You need to plugin_register sharding
plugin because
this command is included in sharding
plugin.
7.3.33.2. Syntax#
This command takes many parameters.
The required parameters are logical_table
and shard_key
. Other
parameters are optional:
logical_count
logical_table
shard_key
[min=null]
[min_border="include"]
[max=null]
[max_border="include"]
[filter=null]
[post_filter=null]
There are some parameters that can be only used as named parameters. You can’t use these parameters as ordered parameters. You must specify parameter name.
Here are parameters that can be only used as named parameters:
cache=no
Added in version 7.0.9: This command has the following named parameters for dynamic columns:
columns[${NAME}].stage=null
columns[${NAME}].flags=COLUMN_SCALAR
columns[${NAME}].type=null
columns[${NAME}].value=null
columns[${NAME}].window.sort_keys=null
columns[${NAME}].window.group_keys=null
You can use one or more alphabets, digits, _
for ${NAME}
. For
example, column1
is a valid ${NAME}
. This is the same rule as
normal column. See also name.
Parameters that have the same ${NAME}
are grouped.
For example, the following parameters specify one dynamic column:
--columns[name].stage initial
--columns[name].type UInt32
--columns[name].value 29
The following parameters specify two dynamic columns:
--columns[name1].stage initial
--columns[name1].type UInt32
--columns[name1].value 29
--columns[name2].stage initial
--columns[name2].type Float
--columns[name2].value '_score * 0.1'
7.3.33.3. Usage#
Let’s learn about usage with examples. This section shows many popular usages.

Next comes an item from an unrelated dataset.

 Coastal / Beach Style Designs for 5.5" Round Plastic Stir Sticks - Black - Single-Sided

You need to register sharding
plugin because this command is
included in sharding
plugin.
Execution example:
plugin_register sharding
# [[0,1337566253.89858,0.000355720520019531],true]
Note that logical_count
is implemented as an experimental plugin, and the specification may be changed in the future.

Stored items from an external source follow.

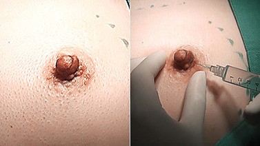 また、乳首の先端は敏感などころなので、最初から乳首の先端に麻酔の注射をせず、比較的感覚が鈍く痛みの少ない乳輪の辺りから注射して、乳首全体的に麻酔の注射をしていくようにします。
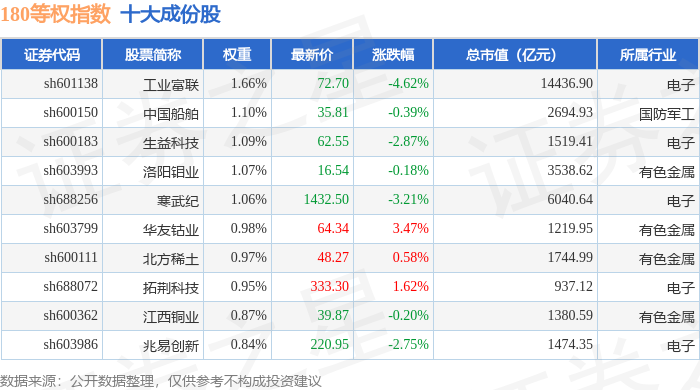 180等权(000051)指数十大成份股详情如下:
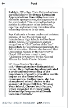 Rep. Tricia Cotham has been appointed chair of the House Education Appropriations Committee to oversee education appropriations, the largest area of the state budget. This esteemed leadership position is a testament to her dedication, expertise, and unwavering commitment to enhancing education in our state.

Here is the simple example which shows how to use this feature. Let’s consider to count specified logs which are stored into multiple tables.
Here are a schema definition and sample data to show usage.
Execution example:
table_create Entries_20150708 TABLE_HASH_KEY ShortText
# [[0,1337566253.89858,0.000355720520019531],true]
column_create Entries_20150708 created_at COLUMN_SCALAR Time
# [[0,1337566253.89858,0.000355720520019531],true]
column_create Entries_20150708 content COLUMN_SCALAR Text
# [[0,1337566253.89858,0.000355720520019531],true]
column_create Entries_20150708 n_likes COLUMN_SCALAR UInt32
# [[0,1337566253.89858,0.000355720520019531],true]
column_create Entries_20150708 tag COLUMN_SCALAR ShortText
# [[0,1337566253.89858,0.000355720520019531],true]
table_create Entries_20150709 TABLE_HASH_KEY ShortText
# [[0,1337566253.89858,0.000355720520019531],true]
column_create Entries_20150709 created_at COLUMN_SCALAR Time
# [[0,1337566253.89858,0.000355720520019531],true]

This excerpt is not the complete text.